Why is Automated Service Assurance so Important
To date, virtualization has basically been fueled by the CAPEX ROI that comes from server consolidation. To date, when low hanging fruit has been virtualized, the investment required to implement virtualization typically gets repaid within 12 to 18 months, and then continues to get repaid in the form of having a fewer number of servers to upgrade and manage from that point on.
When we get to the business critical applications that have not been virtualized yet, it is likely that the capacity that the owners of those applications purchased for those applications was purchased for a reason, and therefore it it likely that consolidation ratios may not be nearly as high on a forward going basis as they have been to date. For this reason an new ROI based upon OPEX savings from IT automation is necessary.
What are we Going to see this Year?
Given that VMware has put two stakes in the ground (with vCenter Operations, and with vFabric APM) both of which are intended, in their own way, to deliver upon certain aspects of automated service assurance we are certain to see some progress. We should expect limited capabilities from VMware this year, as this is really the first year that VMware has to actually implement what they announced in 2011.
However there are some extremely interesting developments from independent vendors.

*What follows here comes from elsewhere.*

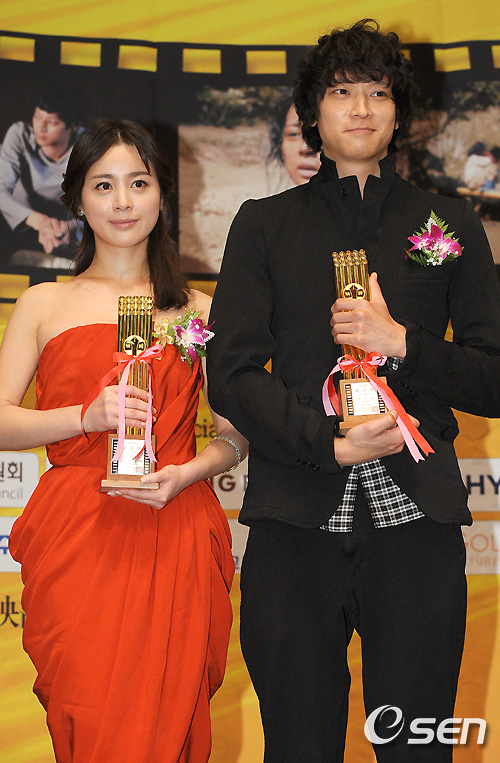 서영희-강동원,'남-여우 연기상 트로피 들며'

Netuitive has more customers (and some very large ones) in production than any other self-learning vendor, and is already today cross-correlating both applications response time data from APM solutions, and infrastructure data from infrastructure management solutions. By proving the ability to connect and accurately cross-correlate disparate data sources like this, Netuitive has taken an important step towards being able to trigger remedial actions. Prelert has shown similar capabilities, albeit at a smaller number of customers.
VMTurbo has the only shipping example of a product that allows you to prioritize your workloads based upon how much work they need to do (throughput, not response time (yet)), and then automatically adjust placement and resource application in a vSphere environment to achieve those priorities.
We stressing the importance of the monitoring aspect of this equation. This is actually a new requirement for APM solutions, as what is needed here is automatic discovery of applications as they show up, automatic discovery of their topology, and then end-to-end response time measurement for all of the applications in the environment (not just a select few). BlueStripe and ExtraHop Networks are both uniquely positioned to fill this need.
VMware is going to make progress on its automated service assurance vision this year, with initial steps coming in the Q1/2012 version of vCenter Operations and the initial release of vFabric APM. On the third party vendor front, progress is most likely to come by partnerships between vendors who have interesting pieces of the puzzle, but do not have the entire puzzle themselves. On this front the most interesting vendors are Netuitive, Prelert, Blue Stripe, ExtrHop Networks, and VMTurbo. The wild card in this equation is how service assurance will fit with cloud management and offerings from vendors like DynamicOps, Abiquo, Platform Computing and Gale Technologies.